Prior low-resolution CGH analysis also detected complex amplification and structural reorganization involving fcaE1ptel in ISS-19a [7
]. In the present study, oaCGH determined that this amplification extends 13.2 Mb from the fcaE1p telomere of both ISS-19a and ISS-19b. Additionally, FISH analysis with a probe representing fcaE1ptel identified multiple hybridization sites resembling satellite-like sequences on 3–5 derivative chromosomes in each cell scored (Figure 5
). It has been proposed that amplification of satellite DNA may be responsible for the induction of structural and numerical chromosome instability in feline fibrosarcoma, through aberrant kinetochore formation [27
]. The detection of a similar high-level amplification in additional cases would provide further support for its potential biological significance. A small number of additional studies have used conventional chromosome banding techniques to examine feline fibrosarcomas. These have revealed complex karyotypic instability comprising a wide variety of structural abnormalities, and aberrant chromosome numbers ranging from mild hypodiploidy to marked hyperdiploidy (summarized in [28
]). In combination, these findings show that feline fibrosarcomas exhibit a propensity towards major karyotypic disruption, which is a hallmark feature of many human soft tissue sarcomas, especially those associated with an aggressive phenotype [29
The resource described here offers a series of key advantages over our first-generation microarray platform [7
], most notably the ~350-fold increase in resolution. The increased probe density detected discrete relative DNA copy number imbalances in female versus male reference DNA hybridizations.
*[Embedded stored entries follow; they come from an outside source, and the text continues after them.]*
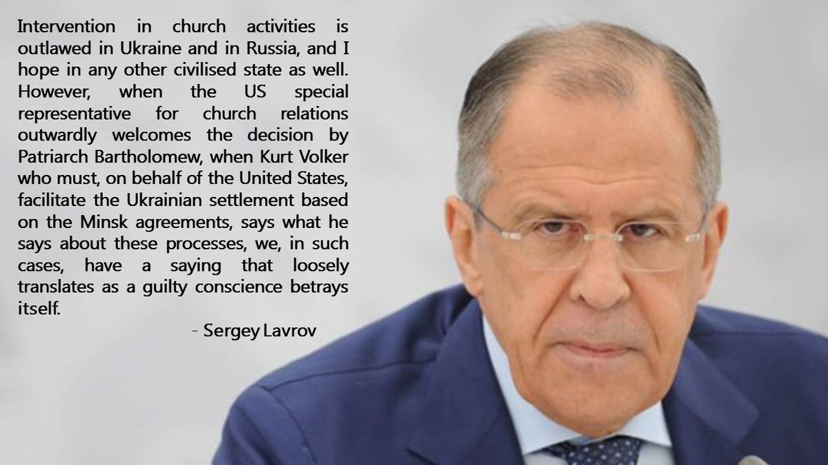#Lavrov on the autocephaly of Ukrainian Church: Intervention in church affairs is outlawed in both Ukraine & Russia. However, when US special rep. for church relations outwardly welcomes decision by Patriarch Bartholomew – as saying goes, «a guilty conscience betrays itself»pic.twitter.com/djcduQ4nNW
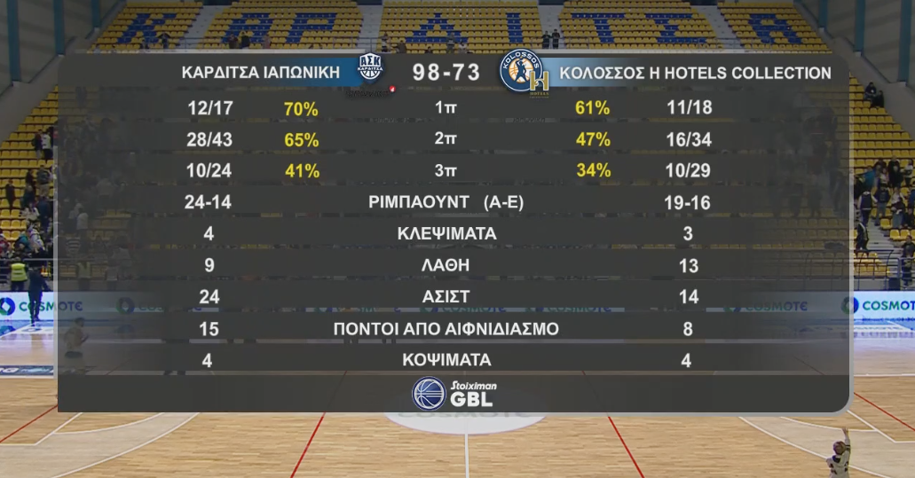 Τα ομαδικά στατιστικά του Κολοσσού: 16/34 δίποντα, 10/29 τρίποντα, 11/18 βολές, 35 ριμπάουντ, 14 ασίστ, 13 λάθη, 3 κλεψίματα, 4 τάπες
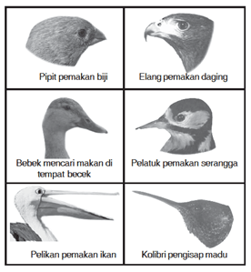 Bentuk paruh burung yang bermacam-macam tergantung jenis makanannya termasuk dalam jenis adaptasi…
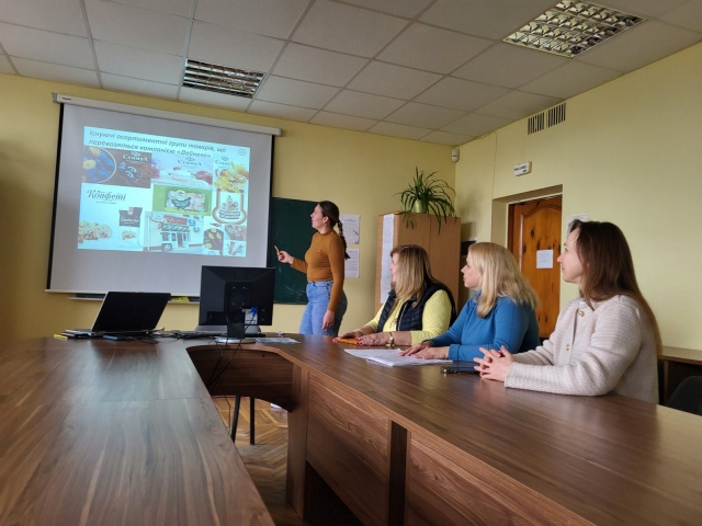 Аліна ГЛІМБОЦЬКА представила роботу на тему «Формування прибутку підприємств в умовах зміни споживчих вподобань» (на прикладі ТОВ «АТБ-маркет»), керівник к.е.н., доц. Людмила СТЕПАСЮК.

Their identification will allow these regions to be characterized as natural polymorphisms in future studies, distinct from somatic alterations of tumor specimens. The in-silico design approach, using existing canine microarray probes to develop feline orthologs, can be exploited for direct comparison of evolutionarily-conserved genomic regions in both species. This, in conjunction with the increased resolution of our new microarray, provided accurate delineation of the feline PAR boundary, and revealed close conservation with that of the dog. These factors also allowed us to ‘drill down’ into large tumor-associated CNAs to reveal compelling gene targets within these intervals, such as the high-level amplification of fcaD1ptel in ISS-19. The increase in effective resolution also revealed the remarkably conserved profiles of complex, interrupted genomic gain and loss along fcaD1 in ISS-19a and ISS-19b, supporting the origin of the latter as a regrowth of the former, primary lesion. Interestingly, however, we also identified subtle differences between these profiles that demonstrate the potential for using this microarray platform to study tumor progression. Furthermore, our new microarray utilizes oligonucleotide probes that offer superior sensitivity and specificity for CNA detection compared to the large insert genomic clones used in our first-generation platform [17
]. The use of oligonucleotide probe technology will also enable rapid and cost-effective production of custom iterations of the array design, to address the specific goals of future studies.